Segment Open

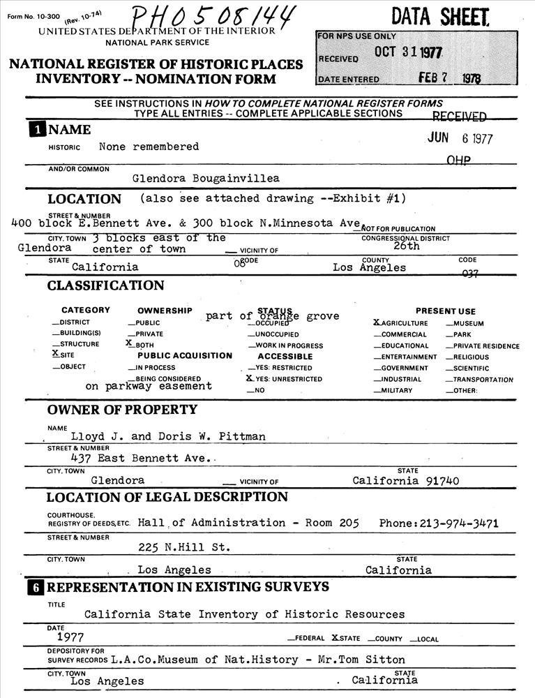 Glendora ; Bennett and Minnesota Aves.
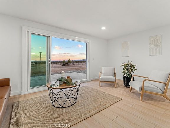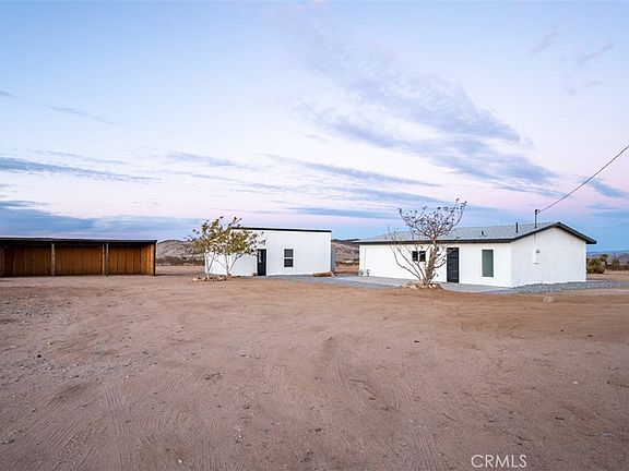 Lovely Landers desert home on large 5 acre lot! Timeless style provides for a great clean slate to make this home your own. With main home and additional guest home, enjoy the convenient additional space. Kitchen has been fully remodeled and includes top of the line stainless steel appliances and custom countertops and stylish open shelving. Brand new vinyl plank flooring has been installed throughout. The light color pallet and large windows in this home make for a pleasant bright and neutral relaxing space. Possibilities are endless on the large 5 acre lot. Install some hammocks for star gazing or a bocce ball court for playing. The custom built car park provides for 3 covered parking spots. Views of Goat Mountain and peace and quiet for miles!
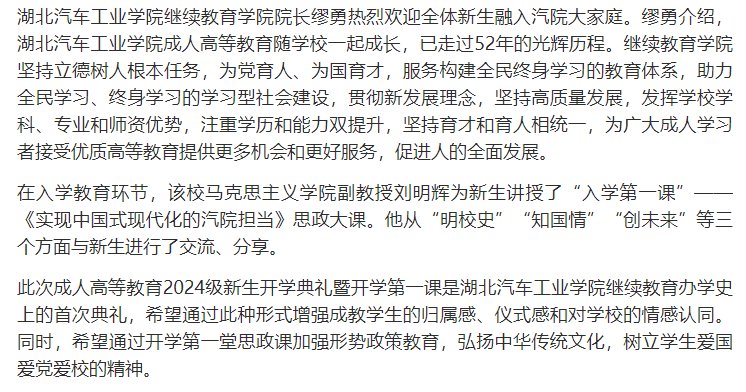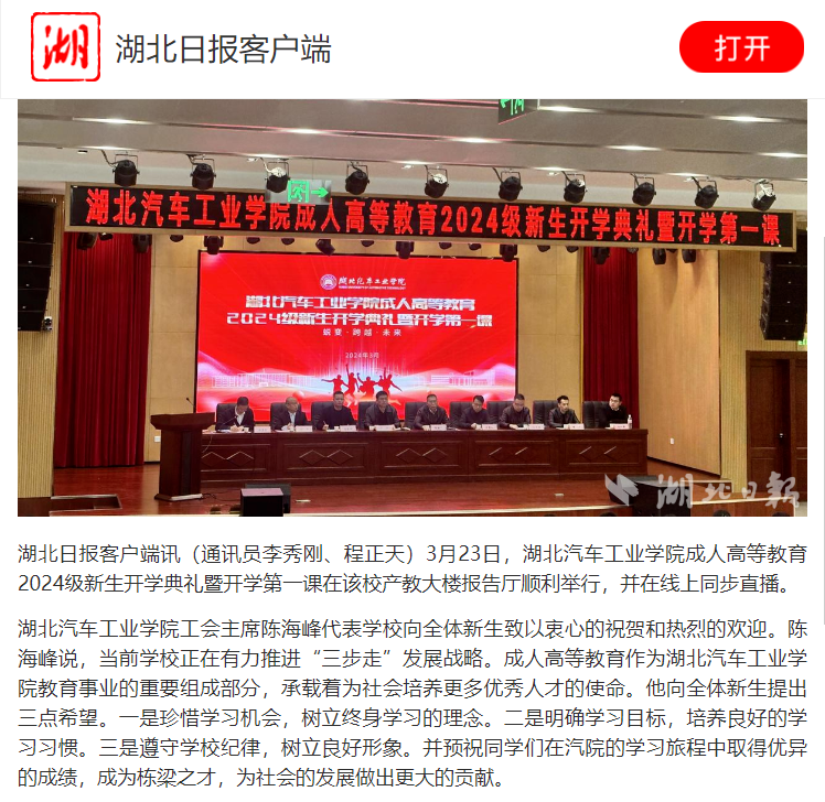 【湖北日报】英国上市公司365举行成人高等教育2024级新生开学典礼暨开学第一课

Segment Closed

__Problem__
Omit every picture, then reproduce the rest of the listing exactly.

__Written solution__
 Glendora ; Bennett and Minnesota Aves.
 Lovely Landers desert home on large 5 acre lot! Timeless style provides for a great clean slate to make this home your own. With main home and additional guest home, enjoy the convenient additional space. Kitchen has been fully remodeled and includes top of the line stainless steel appliances and custom countertops and stylish open shelving. Brand new vinyl plank flooring has been installed throughout. The light color pallet and large windows in this home make for a pleasant bright and neutral relaxing space. Possibilities are endless on the large 5 acre lot. Install some hammocks for star gazing or a bocce ball court for playing. The custom built car park provides for 3 covered parking spots. Views of Goat Mountain and peace and quiet for miles!
 【湖北日报】英国上市公司365举行成人高等教育2024级新生开学典礼暨开学第一课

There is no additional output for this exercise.